Relato de Navidad en La Gran Vía, una novela en la que trabajé durante tres años seguidos, llevó la
experiencia al extremo. Una amiga muy querida me llamó, cuando terminó de leerla, para
reclamarme que la hubiera descrito, en las páginas del libro, como una bruja histérica. Otra me
declaró su tristeza por la forma como había contado nuestra historia y me anunció que revelaría la
verdad de los hechos. Mi amigo de siempre dejó de confiar en mí durante algunos meses. Y un
lector desprevenido, que me encontré por la calle, me preguntó si mi familia todavía me hablaba.
No, no dije ni una palabra. Mi papá, que estaba conmigo, me dijo que la releería con muchísimo
cuidado.
Lo mejor que puede pasarle a una novela, repito, es que quien la lea sienta que ha hecho parte de
ella. Que todo lo que está ahí es, palabras más, palabras menos, la verdad y nada más que la verdad.

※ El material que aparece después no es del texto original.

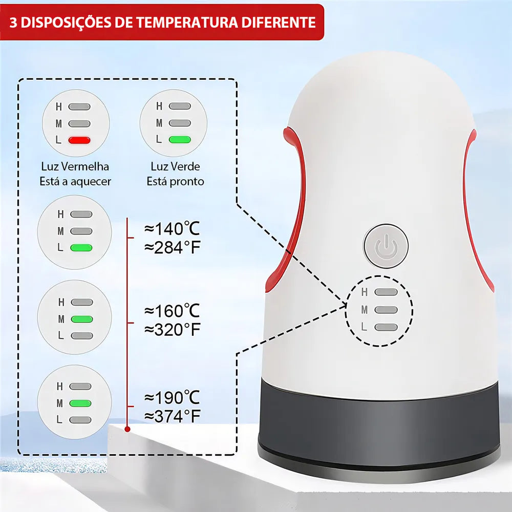 3 Níveis de temperatura: Baixa(140°C) /Média(160°C) /Alta(190°C)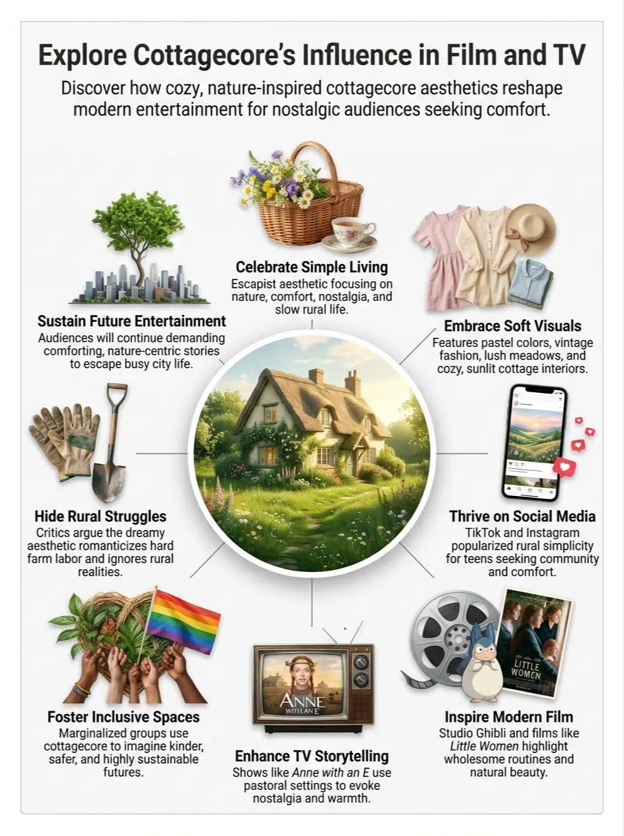 Cottagecore’s influence in movies and TV brings a genuine breath of fresh air. Audiences find simplicity, nostalgia, and nature woven into stories that actually soothe the soul.

Y, aunque suene increíble, muchas personas creyeron que todo lo que ocurre en aquel libro en
realidad había sucedido: un hombre de mi edad había entrado en mi apartamento, se había comido
mi comida y se había bañado en mi ducha. Me dolió muchísimo confesar la verdad. Me entristeció
tener que reconocer que aquello de "segunda edición" era en verdad solo una broma. Que todo,
absolutamente todo, era ficción.
Recibí mensajes, llamadas, preguntas por la calle. No, no muchas. No quiero sonar como si contara
la historia de un éxito. Describo, acaso, el recorrido de un viaje. Y todo para concluir, claro, que cada
quién lee lo que quiere leer. Que cada quien desciende a su propio infierno cuando encuentra las
escaleras del libro que le sirve. Que quienes han leído mis tres relatos han visto en ellos lo que han
querido ver. Porque en el silencio de la lectura, en la soledad de los párrafos, uno reconstruye, como
lector, su propio mundo. Pone en escena las voces, las caras y los escenarios. Es el director de la
película.
Lo mejor de escribir, creo, es que el emisor le envía el mensaje a un receptor que desconoce. Por
eso, en el fondo, se lo envía a sí mismo. Porque no puede dar fe de los oídos de los demás. Y no, no
le interesa. Son las telenovelas las que saben, con pelos y señales, quiénes están frente a la pantalla.
Son los políticos los que aprenden a conseguir los votos de los incautos. Que un escritor se
encuentre con un lector, o viceversa, es tan milagroso como que dos seres humanos se vuelvan
buenos amigos.
Tener un libro en las manos es, pues, lo mismo que tener a una persona frente a frente. Está en
juego, desde ese momento, nuestra capacidad para ponernos en los zapatos del otro. Y de aceptar, al
final, que jamás seremos originales. Que si quisiéramos podríamos ser profesores suicidas, náufragos
que lanzan botellas, pacientes que se confiesan, hombres que rezan de rodillas o tipos que se meten
en el apartamento de los otros. Sí, eso es. Si hablar con alguien es poner a prueba lo que somos, leer
es llegar, por fin, hasta uno mismo.
Eso es. Por eso mi mamá, la abogada, me propone profundos cambios estructurales. Mi papá, el
bromista, me dice que la deje tal como está. Mi hermano, el lector, me pregunta si no podría volverla
una novela policíaca. Y María del Rosario me las entrega, cuando ha terminado de leerlas, con
muchas anotaciones en las páginas y ciertas ganas de llorar. Porque cuando uno lee se queda solo
con uno mismo. Oye su propia voz. Se dice su propio nombre. Y eso es, creo, lo que le agradecemos
a un buen libro: que nos deje ser, por unos días, los seres humanos que somos.